Ele externa esse pedido porque a cidade de Sião pecou tanto quanto ele, e participam todos do mesmo cúmulo de infâmias. E a imagem dos muros de Jerusalém é muito apropriada, pois eles podiam ser destruídos pelo adversário como castigo. Naquele tempo, uma cidade sem muralhas não tinha valor, pois a qualquer momento podia sofrer a investida de inimigos, sem ter os anteparos que lhe possibilitassem a sua defesa.

Então, é como se o salmo dissesse:

“Jerusalém, pelo pecado, não merece nada, e está entregue à sua sorte. Mas, Senhor, a bondade de tua vontade, despertada pelo pranto de um coração contrito e humilhado, pode mudar os destinos dela nas tuas altas e sacrossantas ponderações. Senhor, sê benigno com Sião.”

Então aceitarás os sacrifícios legítimos; então serão colocados bezerros sobre o teu altar.

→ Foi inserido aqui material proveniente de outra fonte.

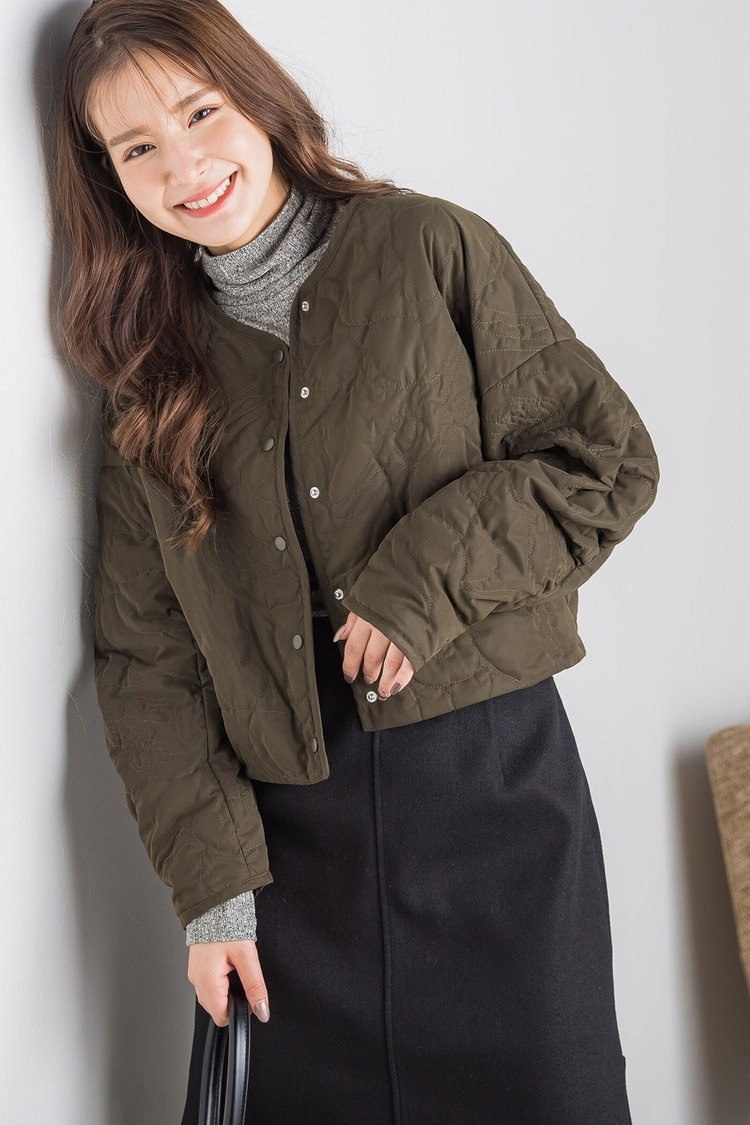 2022年冬のトレンドである「キルティングジャケット」を使ったコーデ。キルティングはカジュアルなコーデで活躍するけれど、丈感やサイズ感によっては生活感が出がち。コンパクトな丈感のものを選べば、すっきりおしゃれなスタイリングに仕上がります。さらに、ベージュグレーのタートルカットソー、黒のタイトマーメイドスカートできれいめにまとめるのがポイント。ブーツやレザーバッグなど、とことんレディな組み合わせを意識して。

Entre outras interpretações, há aqui uma prefigura do Reino de Maria que foi previsto por São Luís Grignon de Montfort.

Como nos é grato imaginar a beleza dessa era marial, quando a Santa Igreja brilhará como uma cidade cujos muros foram fortificados! Muros altos, muros magníficos, com ameias, com barbacãs, cercando donjons e torres de ménage colossais, tudo ordenado segundo imenso esplendor.

E nessa ocasião, quando os homens tiverem corações contritos e humilhados, Deus aceitará também os dons materiais. Então será a época em que as fortunas se comprazerão em comprar pedrarias no Oriente e madeiras preciosas do Brasil a fim de confeccionar móveis para as Igrejas, para adornar os ostensórios, para honrar o Santíssimo Sacramento, para exaltar e super glorificar os altares de Jesus e de Maria….

Deus aceitará essas oferendas, porque serão apresentadas por corações contritos e humilhados. (Revista Dr. Plinio, Agosto/2003, n. 65, p. 6 a 9).